Approach 3️⃣ : splitting data for proving (client) and signing (HWW)

I will start from the beginning. From user perspective, transaction is a claim:

I send amount_i ZEC to the recipient address_i with a memo memo_i for every i in {1,..,n} and I offer fee ZEC for this transaction.

Before signing a transaction, HWW let a user to confirm this claim. In particular, HWW let the user to confirm every output tuple (address, amount, memo) (excluding change outputs) and the transaction fee on the device display.

When signing a shielded transaction, HWW must additionally check that shielded data has the same properties as initial transparent data. For sake of simplicity, I will consider a transaction with only Orchard inputs and outputs. For such a transaction, fee equals orchardBalance, which is a public transparent attribute of a transaction. Thus verification of the fee is a peace of cake and the remaining difficulty lies in verifying that Action Descriptions (cv, nf, rk, cm, epk, C^enc, C^out) correspond to the first part of the claim above.

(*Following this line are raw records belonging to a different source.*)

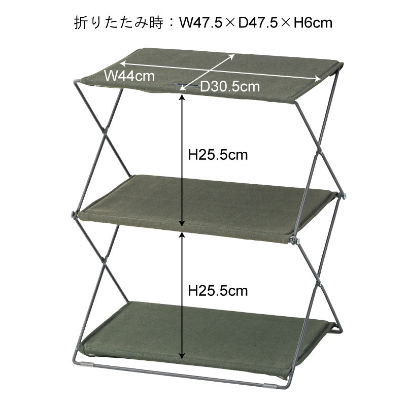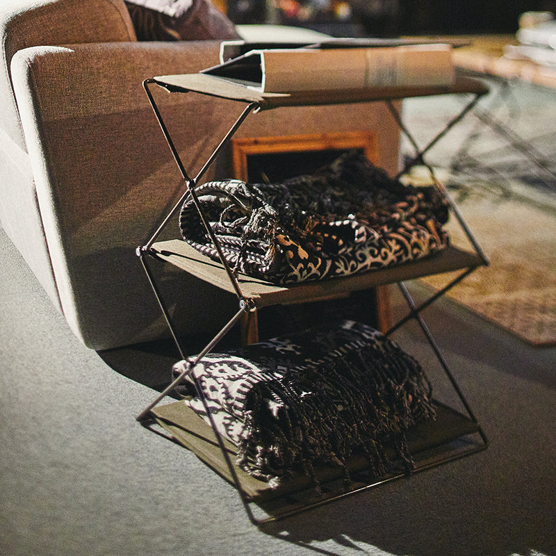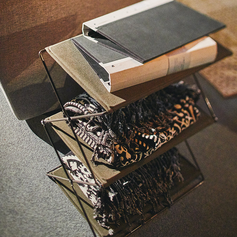 スチールとファブリックを組み合わせたフォールディングシェルフ2D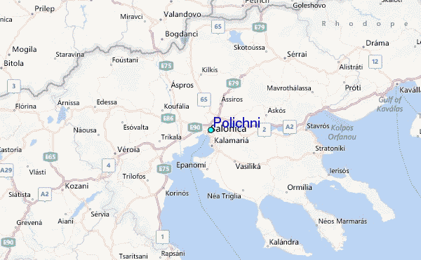 Use this relief map to navigate to tide stations, surf breaks and cities that are in the area of Polichni.
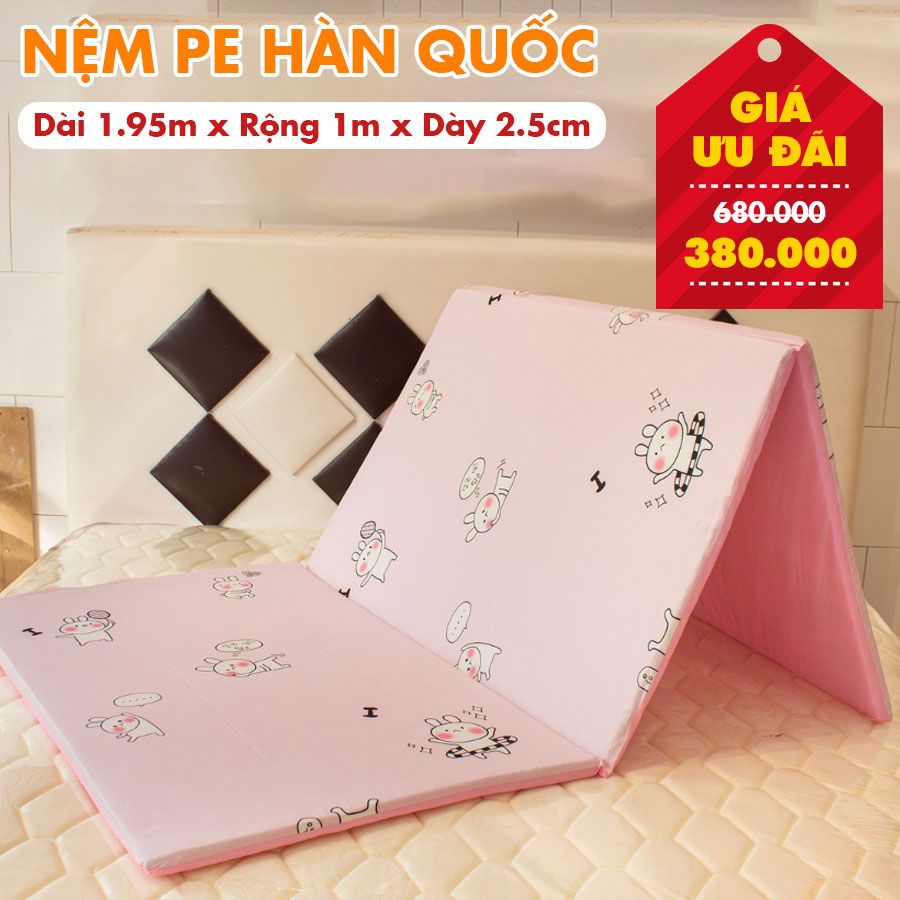 Với kết cấu 3 tấm linh hoạt, Nệm PE Hàn Quốc có thể gấp lại, sử dụng như sofa, nhẹ nhàng, dễ bảo quản và di chuyển, tiết kiệm không gian cho gia đình bạn.
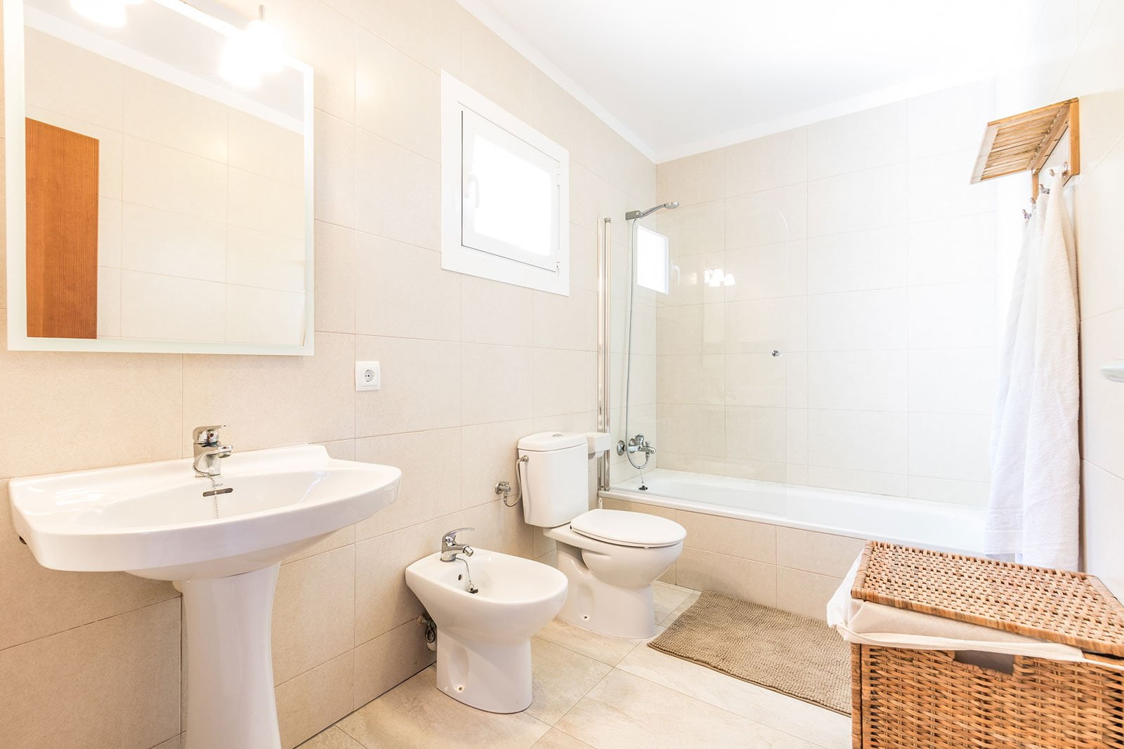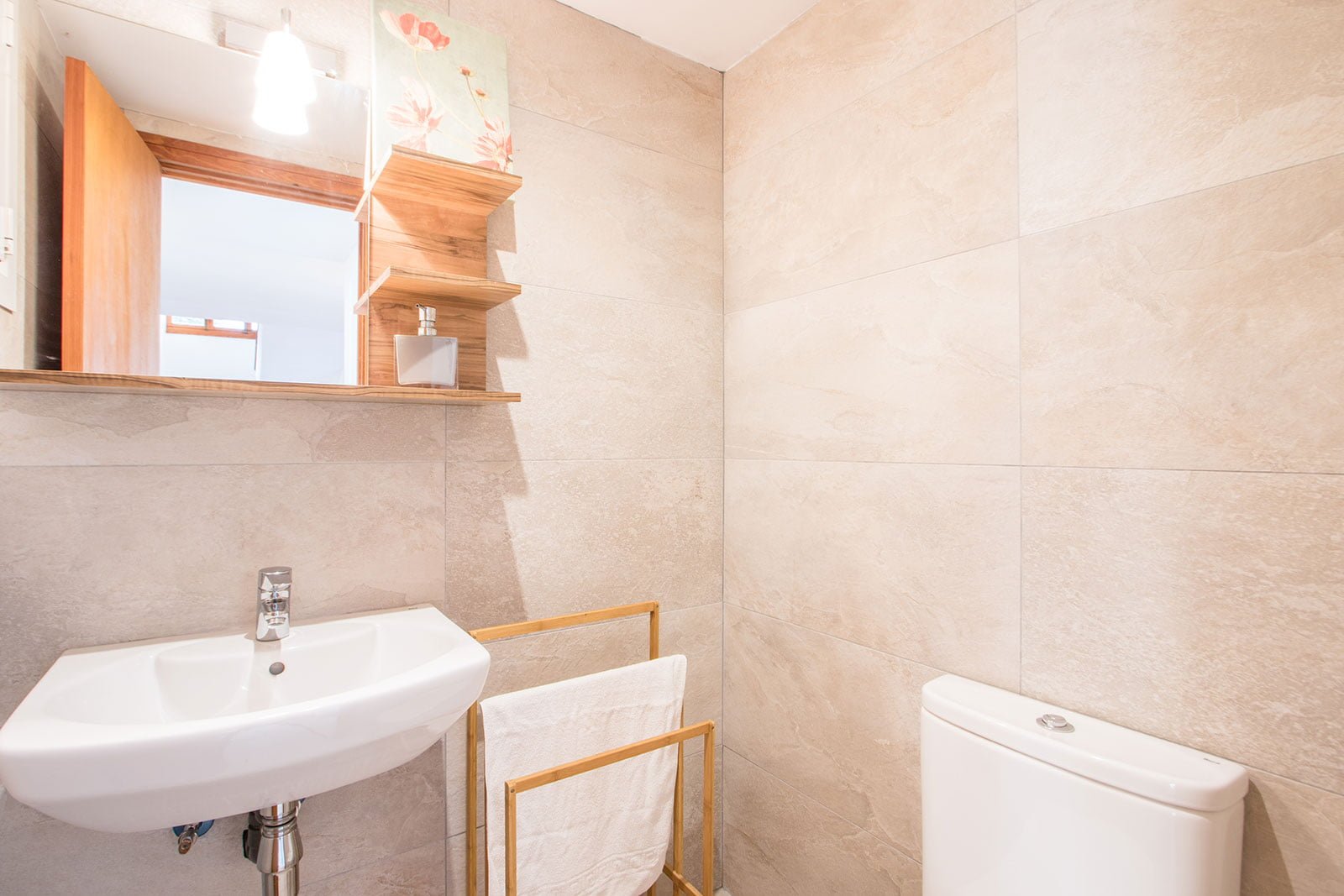 El baño principal, completo con bañera, es compartido por las dos habitaciones en la planta superior, mientras que la planta inferior se encuentra el aseo.

For every output, verification of cm binds shielded data to the tuple (address, amount) and verification of (epk, C^enc, C^out) binds to the memo and it guarantees correctness of the in-band note distribution. Therefore recomputation of components (cm, epk, C^enc, C^out) for every Action Description is necessary and sufficient.

Components (cv, nf, rk) can be trusted. Note that

  • Integrity of value commitments is forced by binding signature.
  • Freshness of the nullifier is forced by consensus rules.
  • Correspondence of the value nullified note and the committed value is forced by zk-proof.
  • If rk != ak + [alpha]R , then the signature produced by HWW will be invalid.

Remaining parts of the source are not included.